This tutorial walks you through how to get Shynet and Caddy to work nicely together this way.

A warning

Using the replace-response module is not very memory or bandwidth efficient since Caddy needs to buffer the response so that it can perform substitutions. If you care a lot about performance, it might be worth using something more manual instead.

Setup

Installing Caddy with extra modules using xcaddy

If you’ve already installed Caddy, you might need to install it again. Using replace-response involves compiling Caddy with an additional module, which is a plugin for Caddy that gives it extra features. The replace-response module is still written by the Caddy team but just isn’t included in the standard distribution that comes installed with your package manager.

Therefore, it’s necessary to compile Caddy from scratch. Since Caddy is written in Go, you will need to have Go installed. Instructions for doing this can be found on the Go’s Download and Install page. Make sure you follow the instructions to add the Go bin to the path by adding the following to your .zshrc or .bashrc:

export PATH=$PATH:$(go env GOPATH)/bin # Add go bin to the path so programs installed by go can be accessed like normal programs.

Then you’ll need to install xcaddy, a tool written by the Caddy team for compiling Caddy with additional modules. To do this, you should be able to run:

go install github.com/caddyserver/xcaddy/cmd/xcaddy@latest

You will also need to clone the caddy repository so that the source code is available to build. This can be done using

git clone https://github.com/caddyserver/caddy.git

You can now check if it’s installed properly entering the caddy repository (e.g. by using cd caddy if you just cloned it with Git) and running:

xcaddy version

If you get some nice output, it’s installed and working. If it still doesn’t work, I’d suggest trying to identify whether it’s go, caddy or xcaddy not working properly and consulting the corresponding documentation.

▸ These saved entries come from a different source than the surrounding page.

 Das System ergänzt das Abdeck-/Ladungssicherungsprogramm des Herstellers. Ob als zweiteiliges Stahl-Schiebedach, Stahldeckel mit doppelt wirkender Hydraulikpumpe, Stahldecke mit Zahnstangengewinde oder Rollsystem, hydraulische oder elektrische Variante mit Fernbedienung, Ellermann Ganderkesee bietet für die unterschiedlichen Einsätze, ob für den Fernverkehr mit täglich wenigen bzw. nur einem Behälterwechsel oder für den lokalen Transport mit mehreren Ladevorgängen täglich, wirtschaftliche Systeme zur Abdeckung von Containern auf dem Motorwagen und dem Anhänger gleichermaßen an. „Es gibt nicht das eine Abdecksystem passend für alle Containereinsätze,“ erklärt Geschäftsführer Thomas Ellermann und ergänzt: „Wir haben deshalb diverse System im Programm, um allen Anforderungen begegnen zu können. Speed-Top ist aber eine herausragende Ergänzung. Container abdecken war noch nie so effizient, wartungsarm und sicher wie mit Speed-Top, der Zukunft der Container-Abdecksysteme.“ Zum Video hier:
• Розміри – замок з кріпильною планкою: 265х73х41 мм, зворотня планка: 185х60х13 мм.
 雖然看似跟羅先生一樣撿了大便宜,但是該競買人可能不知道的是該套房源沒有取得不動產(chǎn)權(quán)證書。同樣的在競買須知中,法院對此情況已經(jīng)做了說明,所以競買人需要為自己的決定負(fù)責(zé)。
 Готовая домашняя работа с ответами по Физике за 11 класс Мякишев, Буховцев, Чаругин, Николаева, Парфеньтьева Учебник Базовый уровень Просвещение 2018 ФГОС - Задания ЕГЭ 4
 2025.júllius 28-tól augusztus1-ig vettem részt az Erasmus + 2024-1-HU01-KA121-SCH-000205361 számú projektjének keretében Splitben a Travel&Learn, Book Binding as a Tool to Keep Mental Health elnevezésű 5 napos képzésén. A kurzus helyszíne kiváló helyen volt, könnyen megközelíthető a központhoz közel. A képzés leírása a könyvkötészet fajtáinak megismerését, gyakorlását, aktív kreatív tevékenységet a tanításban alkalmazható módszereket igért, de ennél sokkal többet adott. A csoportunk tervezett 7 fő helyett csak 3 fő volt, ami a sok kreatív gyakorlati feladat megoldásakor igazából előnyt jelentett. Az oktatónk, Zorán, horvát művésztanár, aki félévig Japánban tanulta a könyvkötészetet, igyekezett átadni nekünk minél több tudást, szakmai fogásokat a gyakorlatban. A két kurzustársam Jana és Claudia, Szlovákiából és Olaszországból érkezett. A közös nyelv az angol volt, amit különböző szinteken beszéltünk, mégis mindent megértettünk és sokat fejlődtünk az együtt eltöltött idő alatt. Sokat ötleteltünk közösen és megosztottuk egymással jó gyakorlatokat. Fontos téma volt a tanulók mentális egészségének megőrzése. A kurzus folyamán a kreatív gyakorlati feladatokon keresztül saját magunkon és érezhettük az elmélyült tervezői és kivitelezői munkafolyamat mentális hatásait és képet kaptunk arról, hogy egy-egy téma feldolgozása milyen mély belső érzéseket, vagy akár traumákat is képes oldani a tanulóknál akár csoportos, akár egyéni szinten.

To actually build caddy with the replace-response module, you can run:

xcaddy build --with github.com/caddyserver/replace-response

This should split out a new binary file in the current directory just called caddy.

If you’re replacing an existing installation of caddy, you now need to swap over the two programs. You can do this like so:

cd ~ # Go back to the home directory
where caddy # Look up where Caddy currently is

Note down what the output of the command is, e.g. /usr/bin/caddy. Now move it with

sudo mv /usr/bin/caddy /usr/bin/bkp.caddy # Rename the existing Caddy installation to a backup
cd (where the caddy repository is) # Go back to the caddy repository that you just built the file into
sudo mv ./caddy /usr/bin/caddy

You should now be able to use the caddy command again. It might be necessary to restart the caddy service. You can do this with

caddy stop
caddy start

As one final check, you can verify that the replace-response module is now properly installed:

caddy list-modules | grep replace-reponse # Should output something like "http.handlers.replace_response"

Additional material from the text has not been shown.